## What is being asked
From the line containing "2.基極根據(jù)PNP或者NPN管子加上拉電阻或者下拉電阻。" to the final line of the entries, copy each line exactly. Pictures stay out.

*****

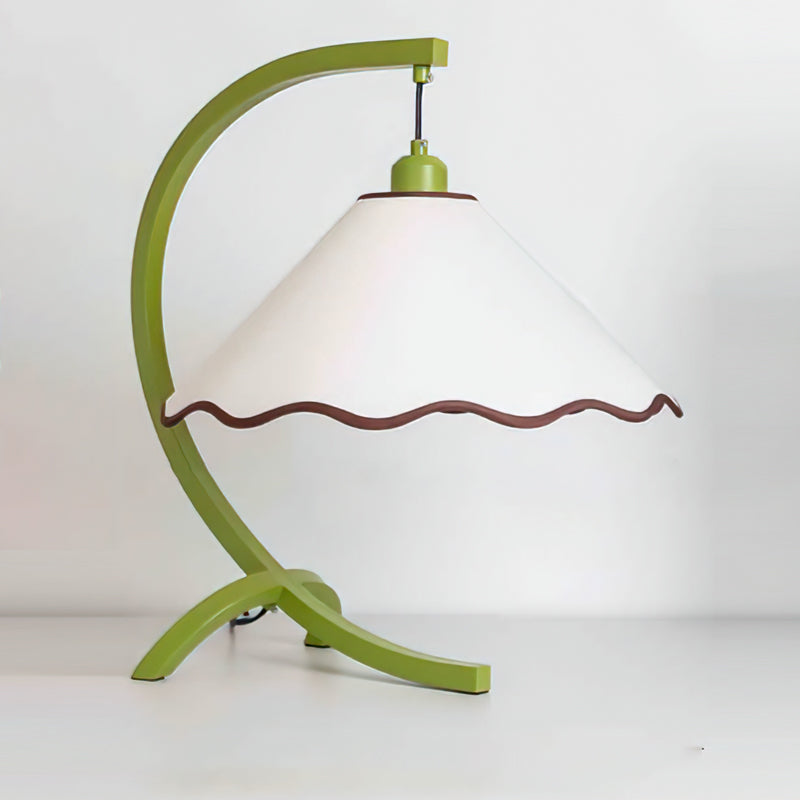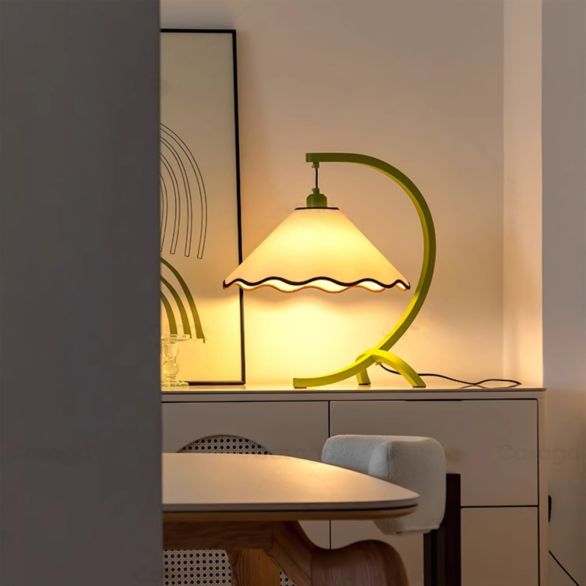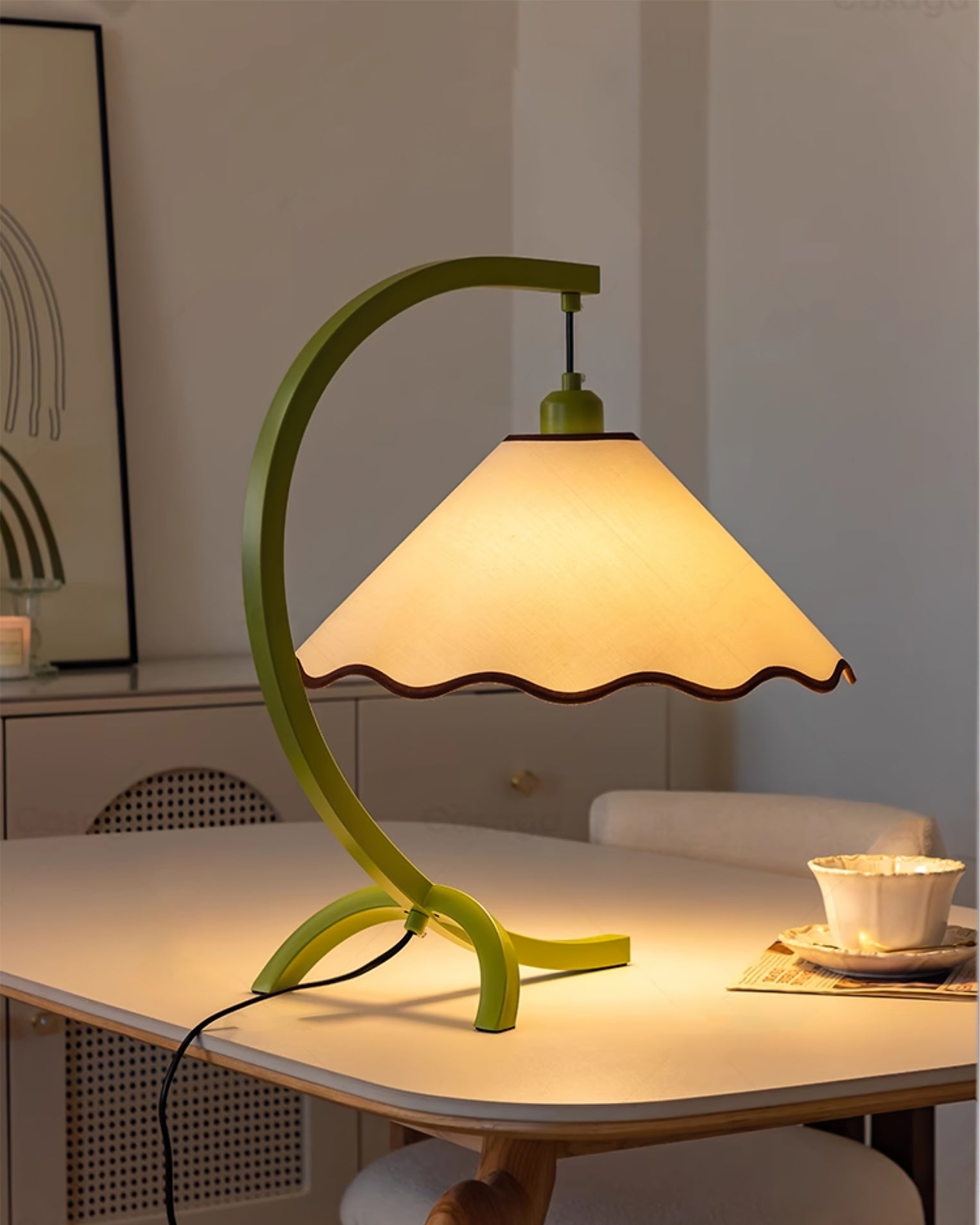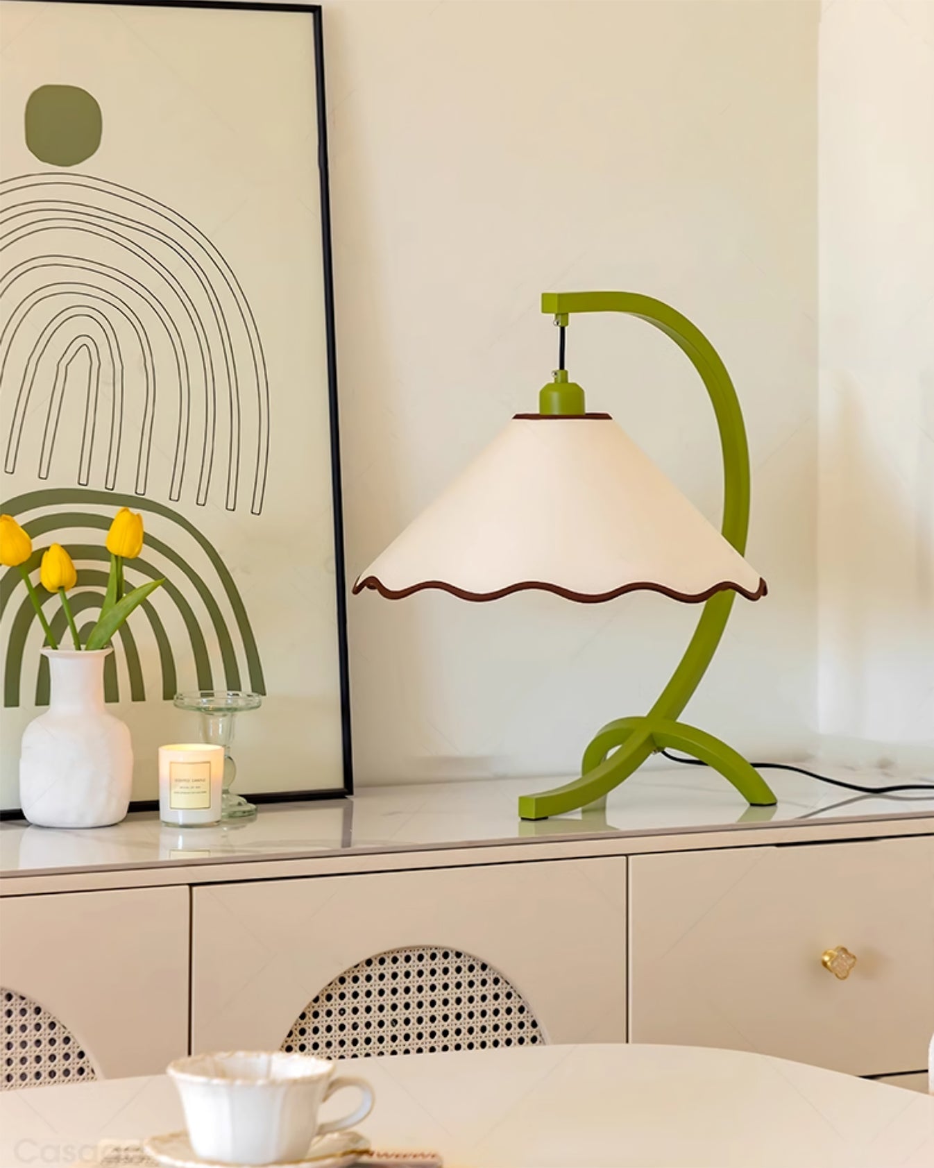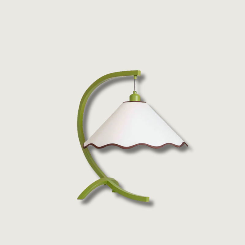 Kira Bordlampen tilføjer et legende præg til din indretning. Med en unik buet grøn ramme og en charmerende scalloped skygge kombinerer denne lampe retro stil med et moderne twist. Den bløde hvide skygge diffunderer lyset smukt og skaber en varm og indbydende atmosfære. Perfekt til natborde, skriveborde eller som et iøjnefaldende accent i stuen, er Kira Bordlampen et stilfuldt supplement, der tilføjer personlighed og farve til ethvert rum.
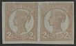 1895 QV 2½d light brown horiz pr, imperf plate PROOF, blank background, 2 cnr numerals on bluish granite paper, no wmk. Fresh UN as made, small thin, 4 large margins. SG 213(p). ACSC Q23(PP)1G cat $2000, plus premium for pr. Very rare. (P)
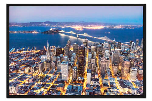 Posterlounge   Wandbilder   Fotografie   Matteo Colombo   Gerahmter Kunstdruck Luftaufnahme: San Francisco Innenstadt mit Bay-Brücke bei Nacht, Kalifornien, USA
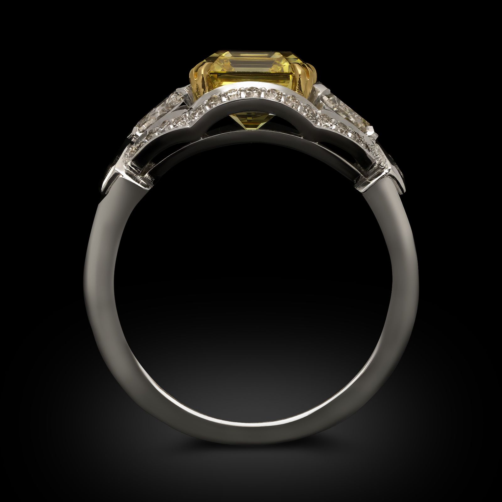 Approximately 2.12 carats, asscher, diamond ring. A modern classic that balances presence with polish, engineered for long-term wear. Colour family: Fancy Yellow. Every decision is made for visual integrity: even sparkle, clean outline, and a flattering look across lighting conditions. Collectors appreciate how it stays coherent from every angle—no noisy flashes, just controlled brilliance. For clients who invest in fewer, better jewels—and want that decision to show. Sunlit Royal Radiance—a piece defined by brilliance, poise, and longevity.
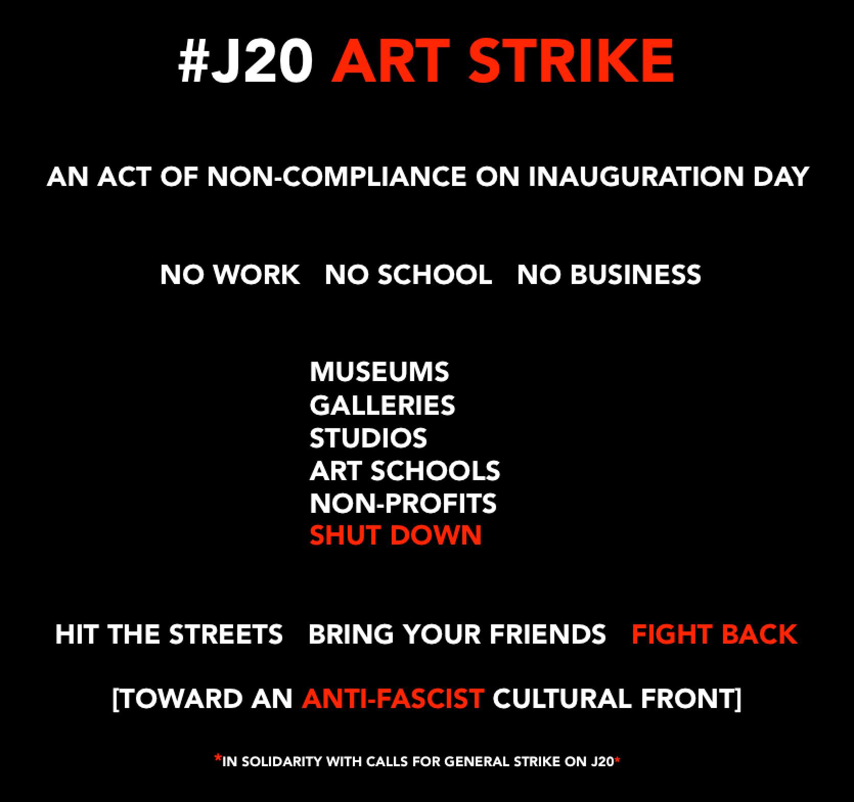 4Columns is not publishing on Inauguration Day in solidarity with the J20 Art Strike.
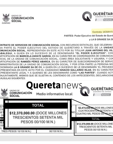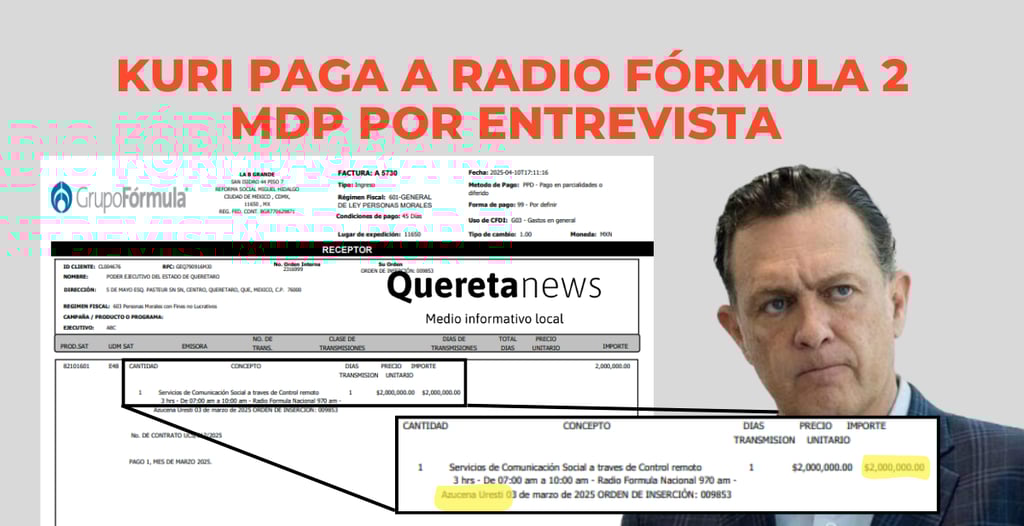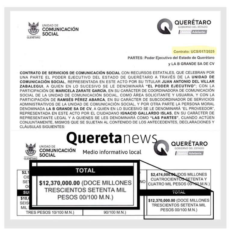 Mediante el contrato UCS/017/2025, fechado el 17 de enero de 2025, el Poder Ejecutivo del Estado de Querétaro contrató a Radio Fórmula, a través de la empresa “B Grande S.A. de C.V.”, para supuestos “servicios de comunicación social” en radio nacional, por la escandalosa cantidad de $12,370,000.00 pesos.
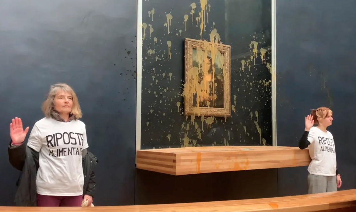 The Mona Lisa, Leonardo da Vinci’s renowned masterpiece, became the center of attention again as it was targeted by activists from the environmental group Riposte Alimentaire.
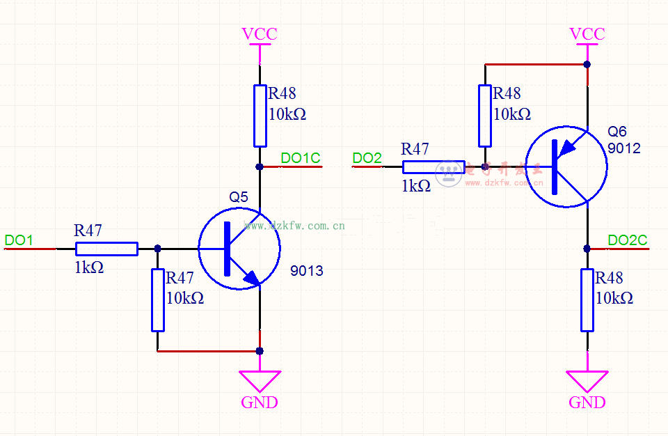 2.基極根據(jù)PNP或者NPN管子加上拉電阻或者下拉電阻。
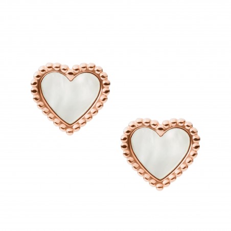 Ce modèle simple et discret dégage pourtant beaucoup douceur de par son adorable forme cœur en perle d’acier doré rose et par son intérieur de nacre à la délicieuse couleur blanche à reflets.

*****

## Solution to this problem
 2.基極根據(jù)PNP或者NPN管子加上拉電阻或者下拉電阻。
 Ce modèle simple et discret dégage pourtant beaucoup douceur de par son adorable forme cœur en perle d’acier doré rose et par son intérieur de nacre à la délicieuse couleur blanche à reflets.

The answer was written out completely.